Learn some quick tips for editing wildlife photos inside ON1 Photo RAW 2019.
1. Correct Your Color
Shooting in nature comes it’s challenges. One of those challenges is variable conditions which can mean different lighting throughout the day. This can cause some cool or warm photos when you come back home to edit. An easy way to correct for color is to use your Color modifiers in your Tone & Color Pane. Grab your color dropper tool and drop it on an area that should be gray in your photograph. This should automatically correct your white balance.
2. Level The Shot
We often talk about viewers being distracted in photographs but sometimes the photographer can be distracted with their own shot. A compelling subject can distract you from your background, which may need some extra attention. Don’t forget to use your Crop Tool (C) to level your photo, either by rotating or with the Level Tool.
3. Avoid Over-Saturating
Color plays a major role in wildlife photos but it can also be one of their biggest downfalls. Too much color can create separation from the viewer and the natural world the photograph was taken in. To stay natural, pull your saturation slider all the way to 0, then drag it up intermittently until you’ve reached your desired boost in color.
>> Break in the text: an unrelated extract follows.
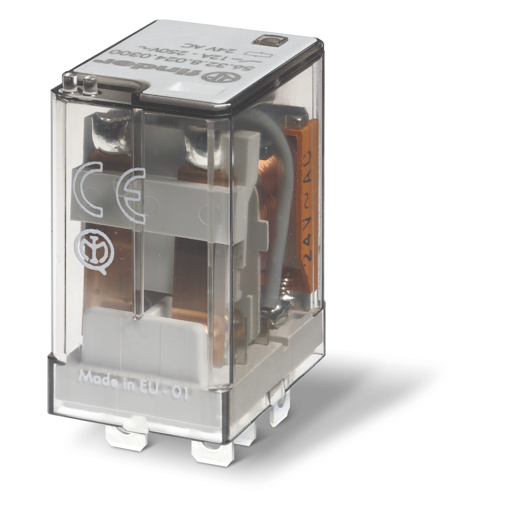 56.32.9.048.0040 Relevador / Relé de potencia. Tensión de circuito de mando 48VCD. Dos contactos conmutados 2CO (2NA2NC), material de los contactos AgNi (Plata Níquel), con capacidad de carga de 12A a 250VCA, 8 pines tipo fastón 187, para enchufar. Cuenta con: pulsador de prueba + indicador mecánico. Para montar en bases serie 96. Aprobaciones: CE, CCC, CSA, EAC, ENEC, Lloyd’s Register, RINA, UL, DVE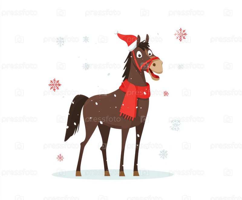 Веселая лошадь, украшенная шляпой Санты и красным шарфом, стоит в снежной зимней стране чудес, окруженной падающими снежинками, создавая радостную и праздничную атмосферу для праздничного сезона

4. Applying Detail Selectively
Wildlife are inherently covered in a ton of great detail so adding detail is a common occurrence in wildlife editing. Most wildlife are also surrounded by many natural objects that have a lot of detail. So detail can sometimes be distracting to your viewer if it’s applied to strong on the entire photo. To selectively apply detail, head into your Effects tab and add a Dynamic Contrast Filter. Use your Masking Options to Invert your mask. Then just brush it on to your subject or whatever area you want to make pop.
5. Creating Your Own Light
Because lighting conditions vary from day to day, you may not get the best light on your subject. If you want to bring out some of the darker areas or to remove light from an area on your photo, use a Local Adjustment. Remember to use your opacity slider to blend the adjustment in with the photograph.